Only the lines from the beginning of the entries through the one that holds "The Hawthorne Shirt" may appear in the answer, written out exactly and free of pictures.
---------- The data ----------
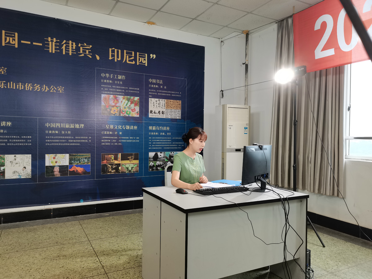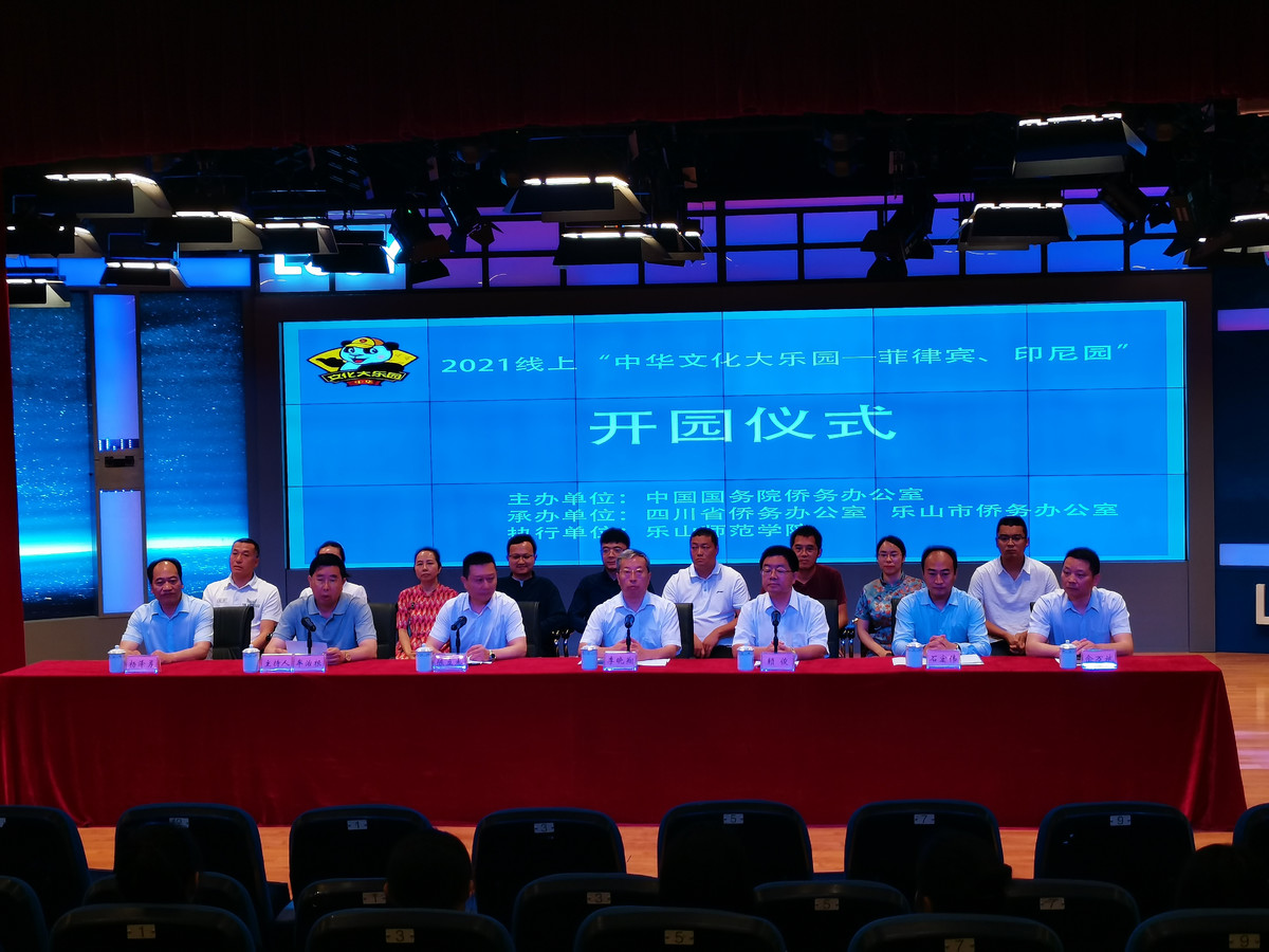 6月11日,2021“线上中华文化大乐园——菲律宾、印度尼西亚园”开园仪式在乐山师范学院举行,相关部门负责人以及12名授课教师现场出席活动,菲律宾园的70名学员和辅导老师、印度尼西亚园的400名学员和辅导老师则在线参加开园仪式。
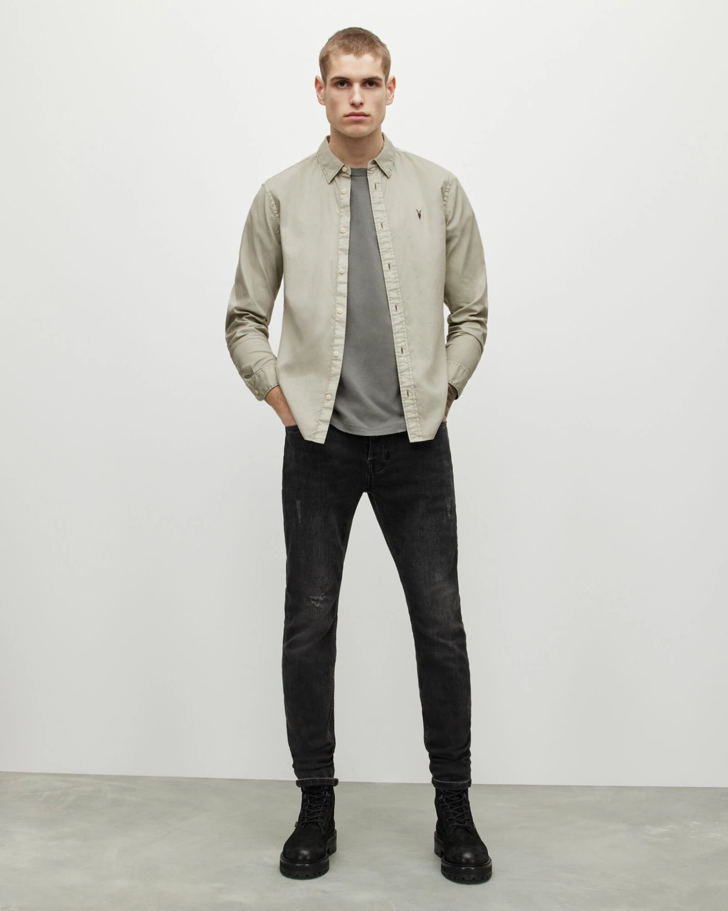 The Hawthorne Shirt – it doesn’t get more classic. Crafted from a stretch cotton blend fabric, in a slim fit. Our signature Ramskull sits embroidered on the chest.
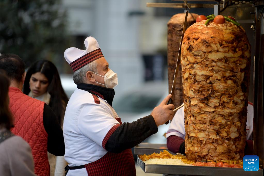A chef works at a food booth in Istanbul, Turkey, on Dec. 29, 2021. Turkey's shopkeepers have gradually started to lower the prices of several goods as the Turkish currency lira rebounded, but the decrease appeared to be below expectations for now. (Xinhua/Shadati)
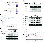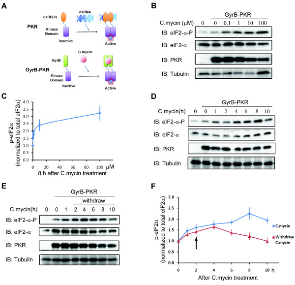 Figure 1. Phosphorylation of eIF2α upon coumermycin-induced GyrB-PKR dimerization. (A) Schematic diagrams showing the fusion of PKR kinase domain with coumermycin-binding domain of GyrB. Application of coumermycin (C. mycin) induces the dimerization of the PKR fusion proteins and activates PKR, triggering eIF2α phosphorylation and subsequent de novo protein synthesis inhibition. (B) Representative blots showing C.mycin-induced phosphorylation of eIF2α on Ser51 in Xenopus embryos expressing GyrB-PKR. Embryos were treated with various concentrations of coumermycin for 8 hours, harvested and lysed. Western blotting was performed using specific antibodies as indicated. The blots were also probed with anti-eIF2α and anti-tubulin antibody for loading controls. (C) Quantification of eIF2α phosphorylation with different C.mycin concentrations. (D) Time course of eIF2α phosphorylation induced by 1 μM Coumermycin. (E) Time course of eIF2α phosphorylation upon 1 μM C.mycin treatment and withdrawal. Embryos were treated with Coumermycin for 2 hours and washed with culture medium without C.mycin (F) Quantification of eIF2α phosphorylation with or without C.mycin at different time points. Arrow indicated the time point of withdrawing C.mycin. Note the eIF2α phosphorylation level goes back to the baseline within 8 hours. Multiple blots were quantified (N = 6), and eIF2α-P signals at various time points were normalized to that at 0 hour.
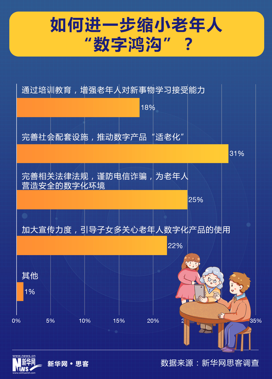 老年人面临的“数字鸿沟”问题是由多方面原因造成的,因此,数字时代不让老年人“掉线”应多管齐下。
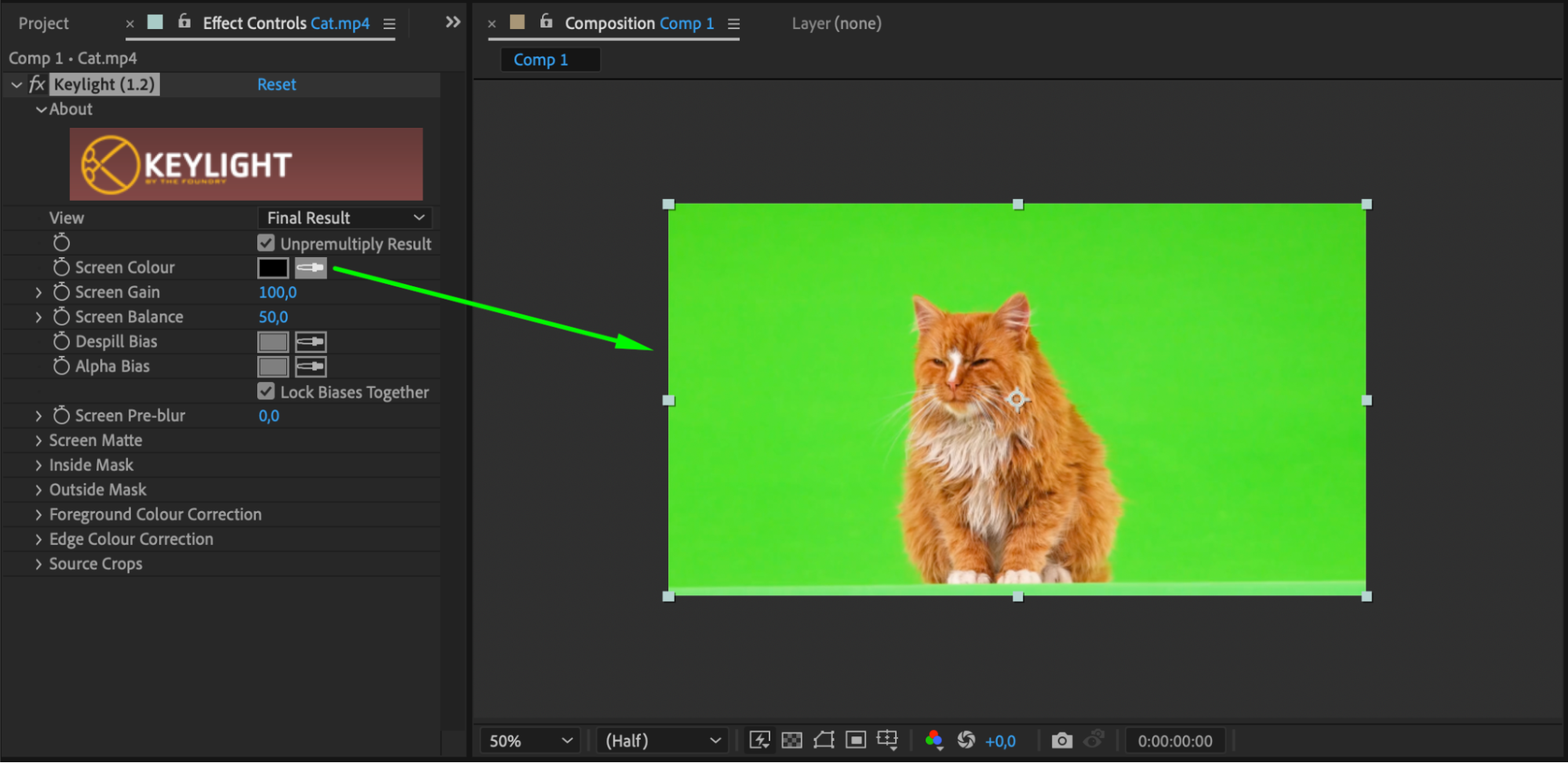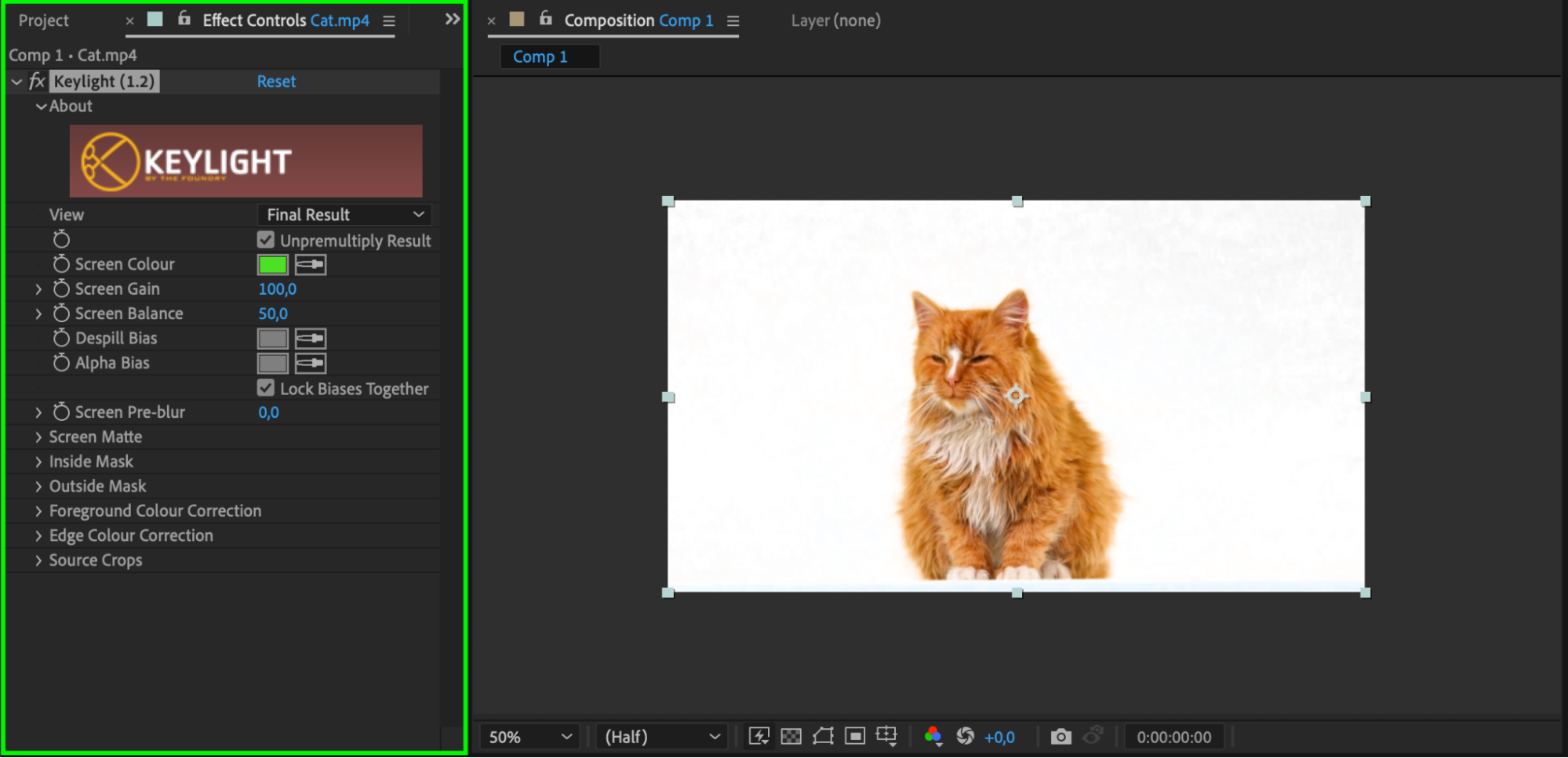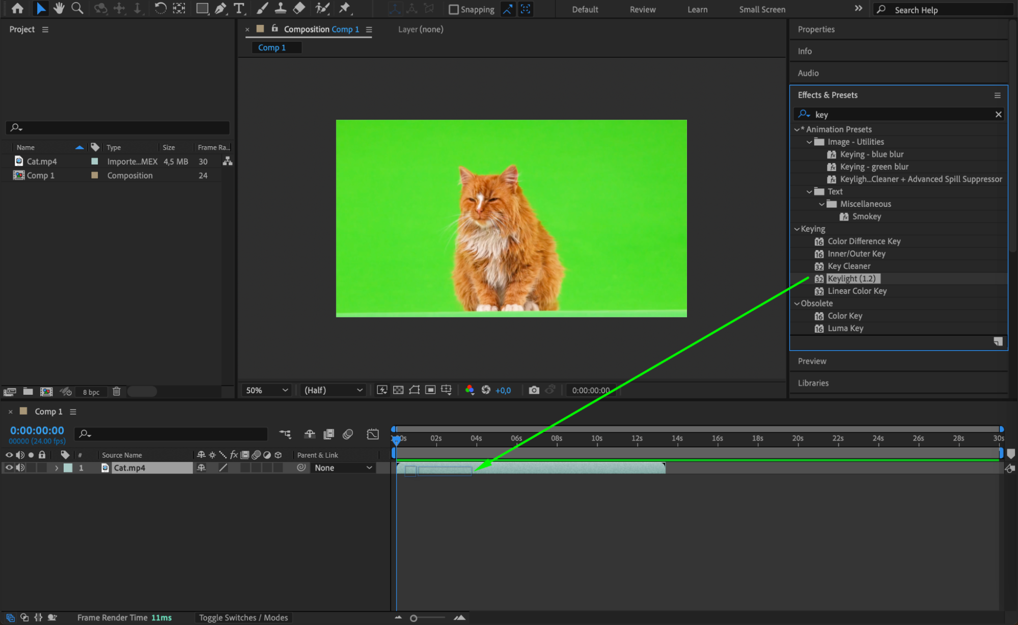 If your imported file includes a background that you want to remove, use After Effects’ built-in tools. For green screen footage, use the Keylight effect found in the Effects & Presets panel. Apply it to the layer and adjust the settings to remove the background.
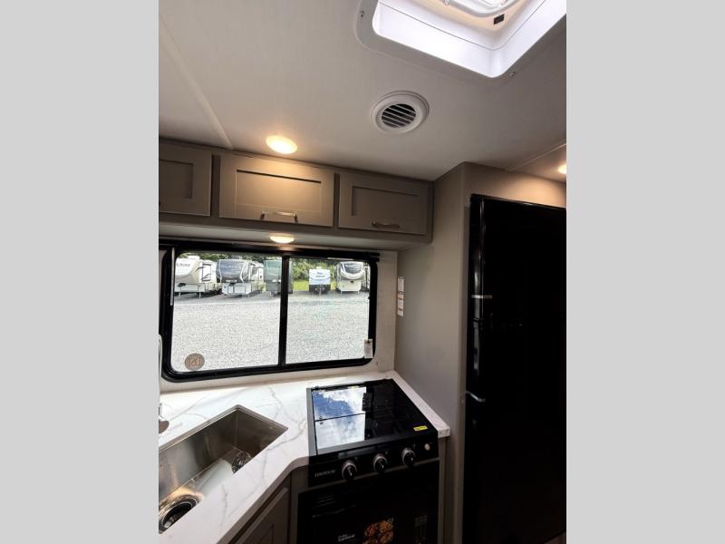 With any Hideout Sport travel trailer by Keystone you will enjoy simplified camping solutions that won't break the bank! Each model is constructed with a durable AlphaPly TPO roof membrane tinted safety glass windows, and an I-beam frame. There are power tongue jacks and heavy duty stabilizer jacks that will make it easier than ever to hitch up and go. An XL entry assist handle will also provide convenience, along with a power awning that will provide much wanted shade during the day. You will feel right at home with stylish decor, blackout night shades, and cozy bed with storage underneath!
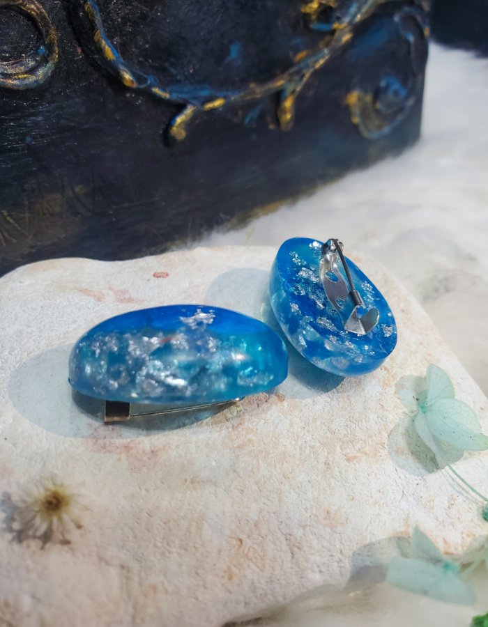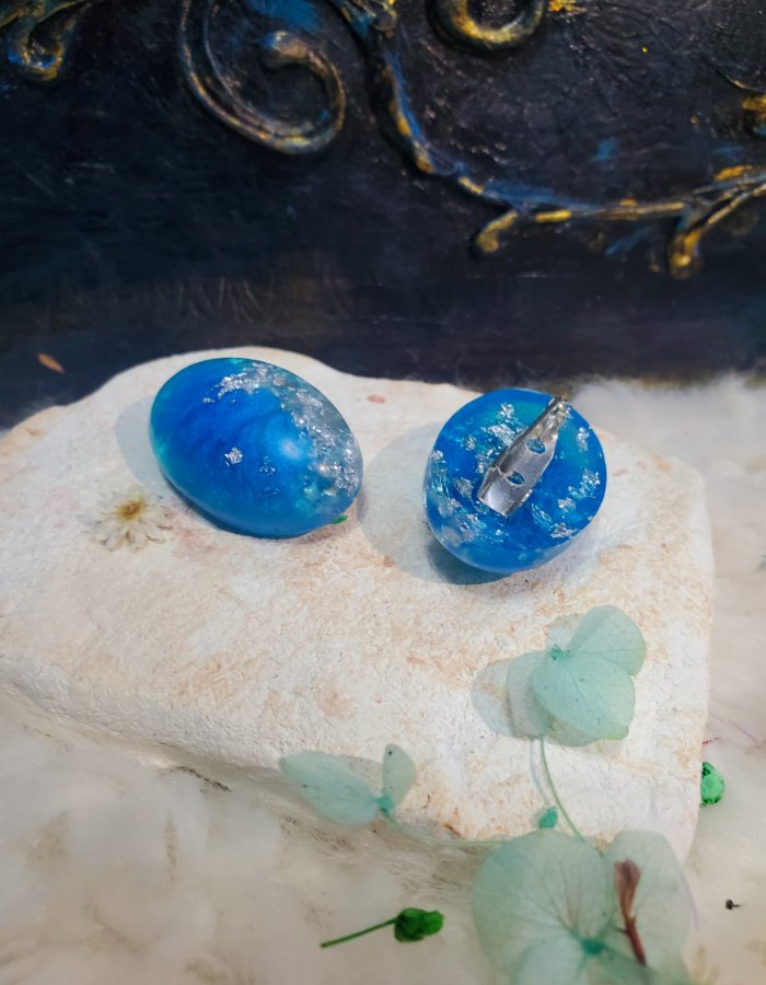 - Glossy blue resin with silver flakes — luminous tones evoking moonlight, clarity, and celestial charm.
----------
• Expected answer:
 6月11日,2021“线上中华文化大乐园——菲律宾、印度尼西亚园”开园仪式在乐山师范学院举行,相关部门负责人以及12名授课教师现场出席活动,菲律宾园的70名学员和辅导老师、印度尼西亚园的400名学员和辅导老师则在线参加开园仪式。
 The Hawthorne Shirt – it doesn’t get more classic. Crafted from a stretch cotton blend fabric, in a slim fit. Our signature Ramskull sits embroidered on the chest.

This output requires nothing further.